Слушатели, несмотря на обещанные блага, не изъявляли желания принять истинную веру, поэтому старичок заговорил о тяготах:

— Что вас ожидает с другой стороны, пока вы будете раздумывать: тяжелые труды по починке крепости, которую мы только три года как отбили у нечестивого караманского бея, и посему работы там очень много; 133 башни — не шутка, да еще стены. Будете грузить лес на суда, отправляющиеся в Египет, убирать хлопок, проводить воду. Выбирайте сами, созидать ли вам государство османов, как дом родной, дабы жить в нем в счастливом труде и добром соседстве, либо быть вечными рабами.
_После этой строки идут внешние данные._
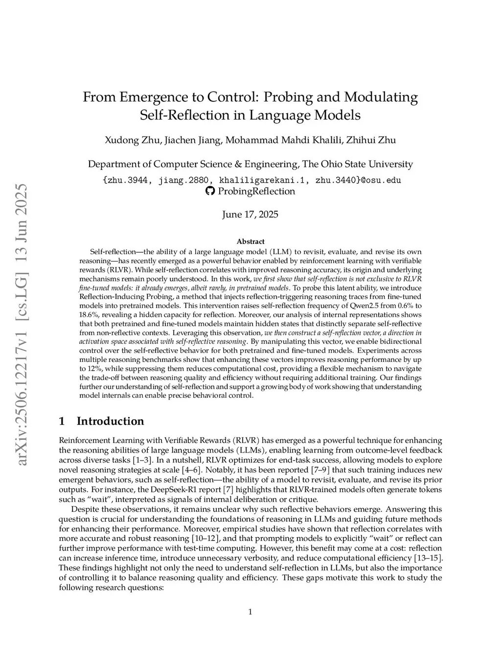 From Emergence to Control: Probing and Modulating Self-Reflection in Language Models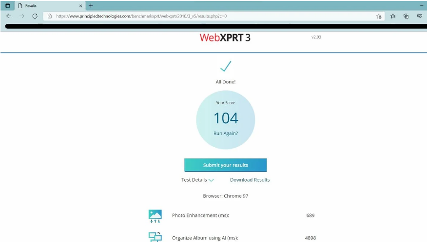 We used the industry-standard WebXPRT 3 benchmarking tool to correctly assess the performance of Google Chrome and Microsoft Edge. We repeated the testing with a fresh install of Google Chrome and Microsoft Edge with no extensions enabled, and the findings were very similar. Microsoft Edge had a score of 104, while Google Chrome received a score of 100.
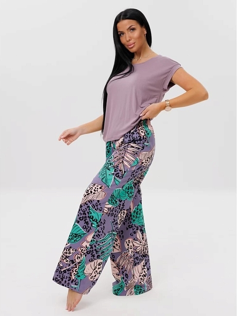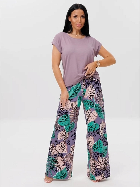 Женская пижама П-172 (К+Вис) / Фиолетовый (листья) состоит из свободной футболки со спущенными рукавами и пижамных брюк.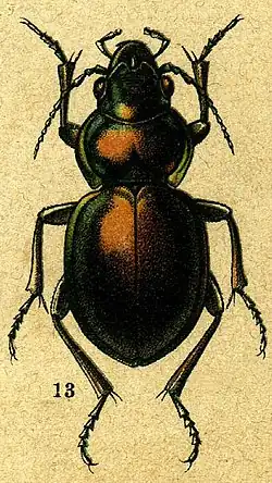 | Illustration of monographs Georgiy Jacobson "Beetles Russia and Western Europe. Calosoma elegans is number 13 | |

"Искуситель" в зеленой чалме взглянул на юного Торнвилля:

— Что же касается рыцаря, он поначалу пойдет служить в крепость и, иншаллах[43], возрастая в чинах и воинском умении, прославит своей доблестью войска великого падишаха. Есть и иной путь: написать на родину, чтобы за него прислал выкуп его достопочтенный дядя. В ожидании этого рыцарь будет искупать свои вины перед Высокой Портой своим трудом во славу Аллаха, пророка его Мохаммеда — да благословит его Аллах и приветствует, — и нашего повелителя Мехмеда Фатиха[44], который является тенью Аллаха на земле, а также великим царем всех царей, правителем бессчетных земель и стран Востока и Запада.

— Как, однако же, вы хорошо обо мне осведомлены! — желчно изрек Торнвилль.

— Ничего удивительного — про тебя все рассказал твой стрелок.

— Это он меня огрел? — спросил Лео.

Турок загадочно закатил глаза вверх и развел руками — понимай, мол, как знаешь, это не мое дело.

— Ничего я никому писать не буду! — заявил Торнвилль.

— Неразумно. В тебе пока не говорит мудрость — может, гнев, может, неразумие, может, рана. Главное, знай, что мы прекрасно напишем твоему дяде и без тебя. Франкские волхвы[45] богаты. Пусть их деньги послужат славе государства османов, Аллах акбар[46]! Но лучше прими мой совет: не дело — воину таскать камни и месить глину. Переходи под зеленое знамя ислама и воюй.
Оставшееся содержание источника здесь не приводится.